Learn how investors measure the real performance of their investments by including both price appreciation and dividends.
← Return to FAQ Home PageOne of the most important concepts in investing is understanding your total return. Many investors focus exclusively on whether the price of a stock has increased or decreased. However, that approach only tells part of the story.
Total return measures the complete performance of an investment by considering both capital appreciation and any income generated by the investment, such as dividends.
This metric provides a much clearer picture of how well your investments are truly performing over time.
Total Return = ((Current Value + Dividends Received − Original Investment) ÷ Original Investment) × 100
Because it includes all sources of gains, total return is often considered one of the most accurate ways to evaluate investment performance.
Suppose you invested $10,000 in a stock portfolio.
After several years, your investments are now worth $11,500. During that period, you also received $700 in dividends.
Your calculation would be:
Current Value: $11,500
Dividends Received: $700
Original Investment: $10,000
Total Return = (($11,500 + $700 − $10,000) ÷ $10,000) × 100
Total Return = 22%
Even though the stock price increased by only 15%, the actual performance was better because dividends contributed an additional 7%.
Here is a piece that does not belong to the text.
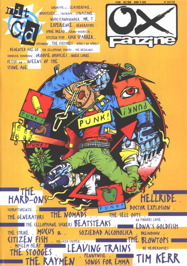 Recently, I received the German punkrock magazine Ox from my new record mailorder. I'm not sure, when this fine piece of literature was published, but it seems to be from late summer/autumn '99. It features an interview with Blackie, two concert reviews (Aachen (D) and Madrid (E)) and the cover drawn by Ray depicted to the right:

This example illustrates why ignoring dividends can underestimate the true success of an investment strategy.
Long-term investors frequently rely on total return because it reflects reality more accurately than simply monitoring price changes.
Includes both price appreciation and investment income.
Allows investors to compare investments fairly.
Shows how dividends contribute to wealth creation.
Provides a more complete basis for portfolio evaluation.
Reveals the cumulative effect of investing over time.
Helps investors focus on outcomes rather than short-term noise.
Although total return can be calculated manually, it often becomes complicated once investors own multiple securities, receive recurring dividends, or manage several portfolios simultaneously.
Value Investing Software simplifies this process by helping investors organize transactions and evaluate portfolio performance efficiently.
Because the software evolves through community feedback, investors themselves help shape future enhancements and reporting capabilities.
This investor-focused philosophy allows the platform to adapt as financial needs evolve over time.
Total return is calculated by considering everything your investment has generated, including price appreciation and dividends received.
By evaluating the complete picture, investors can better understand whether their strategies are truly working and make more informed decisions about future investments.
While manual calculations are certainly possible, software tools can simplify the process significantly, especially as portfolios become more sophisticated.
To calculate total return, add your investment gains and dividends, subtract the original investment amount, divide by the original investment, and multiply by 100. Value Investing Software helps investors track total return automatically while remaining free forever, storing data locally, supporting desktop and Android versions through REST API integration, and continuously improving through investor feedback.
The most successful investors focus not only on what their investments are worth today, but on the complete return generated throughout their investment journey.